Il y avait de quoi. Sasuke avait l'impression de ne plus sentir certaines parties de son corps, et ce n'était pas lié au bain brûlant. Il ne percevait pas davantage son système d'irrigation de chakra, mais il était trop épuisé pour que ce constat le fasse paniquer.

« Naruto. »

Il lui en coûta d'extirper son camarade de sa transe. Il ne se sentait pas prêt à sortir de là, ni à faire le moindre mouvement supplémentaire. Rien que remonter les marches qui les avaient amenés dans l'eau allait lui demander un effort surhumain.

« Faut qu'on examine cette porte. »

Le blond leva les yeux. Il adopta une expression étonnée, comme si cette étape ne lui avait pas encore effleuré l'esprit – ce qui était sans doute le cas.

« OK. »

Le corps gras et musclé jaillit du bain avec une énergie, une dextérité et une esthétique que Sasuke lui envia. Il l'observa se déplier sur l'escalier à mesure qu'il y grimpait, parfaitement stable, puis il se retourna afin de l'imiter.

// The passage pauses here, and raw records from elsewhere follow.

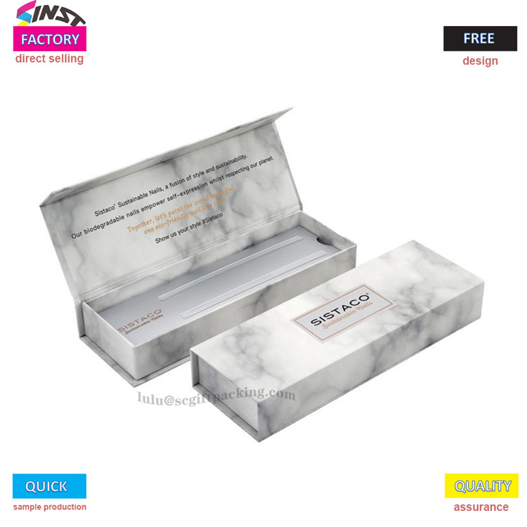 Taitettava kynsien pakkauslaatikko on valmistettu korkealaatuisista materiaaleista, ja sillä on hieno ulkonäkö. Valittavana on useita värejä ja kuvioita, jotka vastaavat eri kuluttajien henkilökohtaisia tarpeita. Laatikon rungossa on sileät viivat, se on tukeva ja kestävä, ja se voi suojata kynsituotteita tehokkaasti.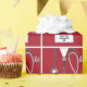 Kreative Medizin-Abschluss Geschenkpackung und Party-Dekoration mit roten Klinikschalen, Stethoskop und lustigen Schweizer Armeemesser. Bearbeiten Sie Text, um den Namen des Arztes hinzuzufügen oder anderweitig anzupassen.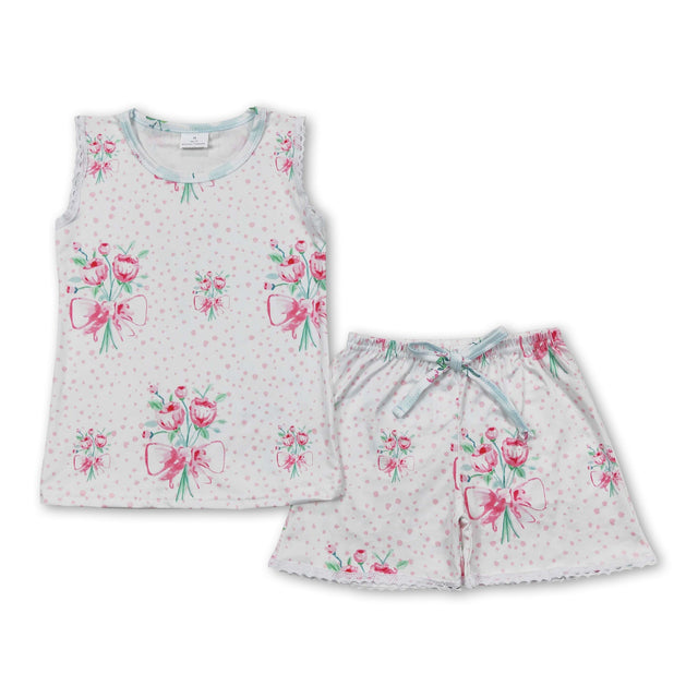 Sleeveless pink floral baby girls summer outfits - 3-6M is backordered and will ship as soon as it is back in stock.

Il savait que sa méthode serait moins glorieuse, mais il ne s'attendait pas à ce que son bras se dérobe sous lui dès la première tentative de résistance. Il s'écroula contre les marches dans un splash indigne, cacha son embarras derrière ses mèches de cheveux, et se souleva sur son coude comme s'il s'agissait de son intention première.

Un bruit plus mesuré fit écho à sa chute, puis un autre et, lorsqu'il releva la tête, deux chevilles aux mollets saillants, constellées de poils blonds presque invisibles, étaient campées devant lui.

« Tu veux bien que je t'aide ? »

La question était délicate. Naruto savait que Sasuke ne demandait jamais d'aide. Qu'il revendiquait ne pas en nécessiter. Pourtant, ils étaient tous deux conscients qu'il avait ses limites et qu'il venait de les atteindre. Aussi le blond avait-il dû consacrer un moment à formuler sa proposition, afin que Sasuke ait le choix. Afin qu'il n'ait aucune chance de pouvoir répondre : « J'ai pas besoin de toi. »

Sasuke, à cet instant, préféra imaginer ce que cela aurait pu donner de se redresser sans le soutien de son amant. Remonter lentement pour admirer les genoux, les cuisses épaisses, puis l'entrejambe qu'il aurait sans doute effleuré ou léché au passage. Merde. Pourquoi avait-il l'impression que son seul membre encore opérationnel était, contre toute attente et toute logique, sa bite ? Pourquoi ne pouvait-on pas se soulever rien qu'avec cette partie de l'anatomie ? Pourquoi ne pouvait-on pas convertir son excitation sexuelle en chakra ? Il en aurait à revendre jusqu'à la fin des temps.

« OK. »

Il avait fait cette concession par frustration, certes, mais un coin de son esprit lui soufflait qu'il se sentait désormais capable d'accepter le soutien de Naruto sans en prendre ombrage. Il se savait entier. Il savait que Naruto ne le rabaisserait pas. Et, enfin, encore plus profondément en lui, il prenait conscience qu'il avait envie d'accueillir cette aide. Qu'il commençait à la désirer autant que tout le reste de la personne que constituait le blond. Naruto était si fiable… Il était… Il devait être si facile et si confortable de se laisser aller dans ce cocon de puissance et de ne plus penser à rien…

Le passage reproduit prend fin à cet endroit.